This is the homework for the first week of class. It is considerably less complicated than what we talked about during the lecture. For planning purposes, note that it took me about three hours to do this homework, including figuring out the cause of a very stupid bug in a for-loop.
We’re going to look here at the relationships between various variables that are used in the evaluation of natural language processing. Send me your answers in a single PDF by 17h00 on Monday the 23rd of January.
1. Find a sample of 80-100 words in a language of your choice. I’ve put some English-language data here and some French-language data here, but you’re free to use any language you like. Find a friend who speaks the language in question at least as well as you do. Both of you tag the part of speech of each word. Then calculate the agreement between the two of you, and explain to me two sources of disagreement between the two of you. For this question, you will turn in:
- The set of tags that you used
- The text that you tagged
- The tags that you assigned
- The tags that your friend assigned
- An explanation of two sources of disagreement between the two of you
- The calculated agreement. For this, you have two choices:
- Do it by hand. In this case, scan the paper with your calculations and add that to your PDF…
- …or, write a program to calculate those numbers, and send me your code and your output. Again, this should be in your PDF. Your code can be a program in R, Python, or the programming language of your choice, or even an Excel spreadsheet.
2. Given a set of correct answers and a set of answers from your program, determine the true positives, true negatives, false positives, and false negatives.
Suppose that we have a system that classifies tweets as expressing positive opinions about Quisp cereal. The data is in this file. Y means that a tweet does express a positive opinion about Quisp cereal, and n means that it does not. (This could mean that it expresses a negative opinion about Quisp cereal, or a neutral opinion about Quisp cereal, or doesn’t even mention Quisp cereal. All we know is that it doesn’t express a positive opinion about Quisp cereal.) The column labelled gold.standard specifies the correct answer. The column labelled system.output is what our system thinks the answer is. Note that since we have a binary classification (either yes or no) and a defined set of examples with no boundary issues, we can determine the number of true negatives, which isn’t always the case in language processing.
For this question, submit the counts of true positives, true negatives, false positives, and false negatives. So, your answer should look something like this:
true positives: 613
true negatives: 1024
false positives: 1789
false negatives: 1871
3. With the numbers from your answer to Question 1, calculate the precision, recall, and F-measure. You have the same two options as in Question 1.
4. Now calculate the accuracy. You have the same two options as in Question 1.
5. One of the problems with accuracy is that it can be a terrible over-estimate of the aspects of system performance that you care about. This is especially true in the situation where what you care about the most is identifying the positive situations, and even more so, when the positive situations are rare.

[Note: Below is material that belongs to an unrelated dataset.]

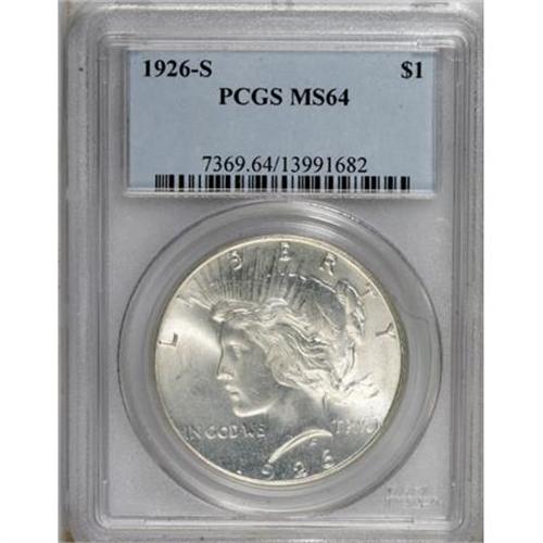 <B>1926-S $1 MS64 PCGS.</B></I> PCGS Population (1593/556). NGC Census: (1475/380). Mintage: 6,980,000. Numismedia Wsl. Price for NGC/PCGS coin in MS64: $220. (#7369)<BR><BR><B>Coin Engraver:</B> Anthony de Francisci<BR><BR><b>Shipping:</b> Coins & Currency (<a target="_blank" href="http://www.heritageauctions.com/common/shipping.php">view shipping information</a>)

To see how this works, suppose that in our data set, we have four cases of phone calls to the police emergency number. Our job is to build a program that correctly classifies phone calls as an emergency situation when they are, in fact an emergency. Of the four true emergencies, our system says that it is really an emergency for only three of those. Also suppose that if a situation is not an emergency, the system always says–correctly–that it is not an emergency. Calculate the accuracy as the number of true negatives goes up–which means that the positives became rarer and rarer–from 0 true negatives to 100 true negatives. Graph this with the number of true negatives on the x axis and the accuracy on the y axis. As always, make the range for accuracy on the y axis be from 0 to 1.0.
To clarify: your first data point will be 3 true positives, one false negative, and no true negatives or false positives. The next data point will be 3 true positives, one false negative, one true negative, and no false positives. Continue until you have the data point for 3 true positives, 100 true negatives, one false negative, and no false positives.
6. Now let’s see how F-measure is affected by the rarity of the positive cases. We’ll model the same situation: the true negatives go up and up, while the number of correctly and incorrectly labeled positives (i.e., true positives and false negatives) stays the same. Plot the true negatives on the x axis and the F-measure on the y axis. As always, make the range for F-measure on the y axis be from 0 to 1.0.
7. What is the bug in this line of code?
f.measure = 2 * precision * recall
8. In what situation will your calculation of accuracy always cause your program to crash unless you check for the relevant input and/or catch the resulting exception?